I purposely placed the tank out of sight behind a partition so that you might practise judging the water pressure by the flow at the faucet. We cannot very well talk about pressure in quarts. We might talk about it in pounds, but if we used this apparatus much we should probably get into the habit of talking about the pressure from one shelf, two shelves, three shelves, etc.

In order that the pressure might remain nearly constant during the experiment we would probably introduce resistance (that is, partially close the faucet) so that the water level should not fall much. We might, for example, set the faucet so that half a pint would flow in a minute when the tank was on the first shelf. Then a pint per minute would flow when the tank was on the second shelf and one and a half pints per minute when the tank was on the third shelf, etc. Thus we should infer the pressure by measuring the quantity.

One more illustration and the case will be clear. To save the trouble of measuring the quantity of water which flows through the faucet, suppose I introduce the device represented in [Fig. 57]. W is a small water wheel comparable to the armature of the volt meter.

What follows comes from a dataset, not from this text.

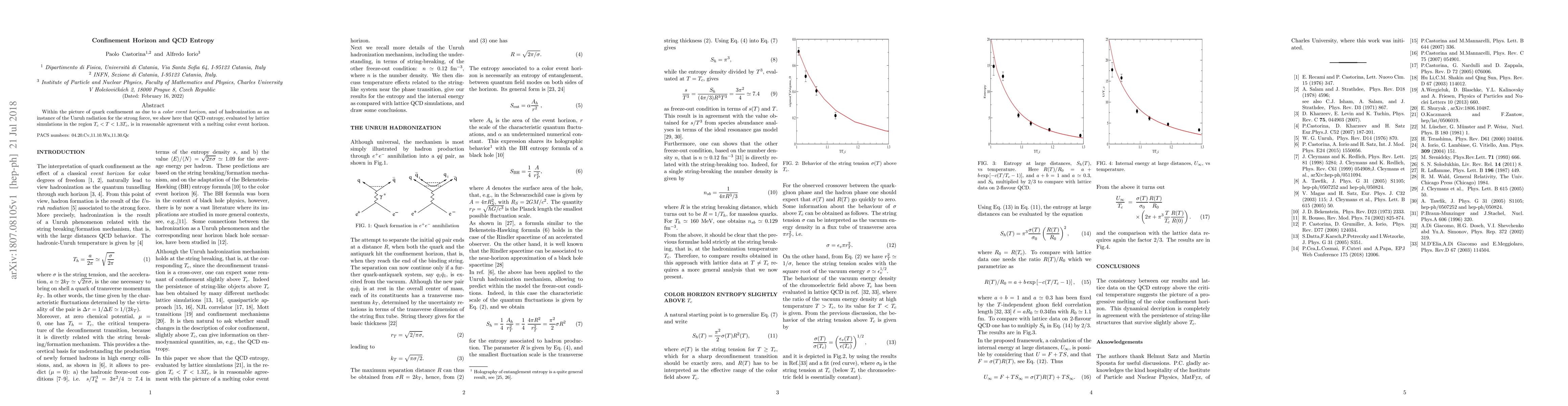 This paper explores the connection between quark confinement and entropy in QCD, finding reasonable agreement between lattice simulations and a melting color event horizon within a specific temperature range.

It carries a pointer which moves over a scale just as in the case of the volt meter.

Fig. 57

It has a spring coiled around its axle which tends to keep the pointer at 0, as in the case of the volt meter. The tank is placed upon the first shelf, the faucet is fixed so that a small amount of water flows and the needle moves to a certain figure upon the scale. We will mark this point one and call it "first-shelf pressure." The tank is lifted to the second shelf and the index moves to another point, which we will mark two and call it "second-shelf pressure." The tank is lifted to the third shelf and the index moves to a third point, which we will mark three and call it "third-shelf pressure," etc.

Ordinarily we measure water pressure with an instrument which allows no water to run to waste, but in measuring electric pressure by the volt meter some current must pass through the instrument, just as in the case of our water-wheel illustration in [Fig. 57]. We put in large resistance so as to make this current as small as possible, while we let enough pass to move the armature.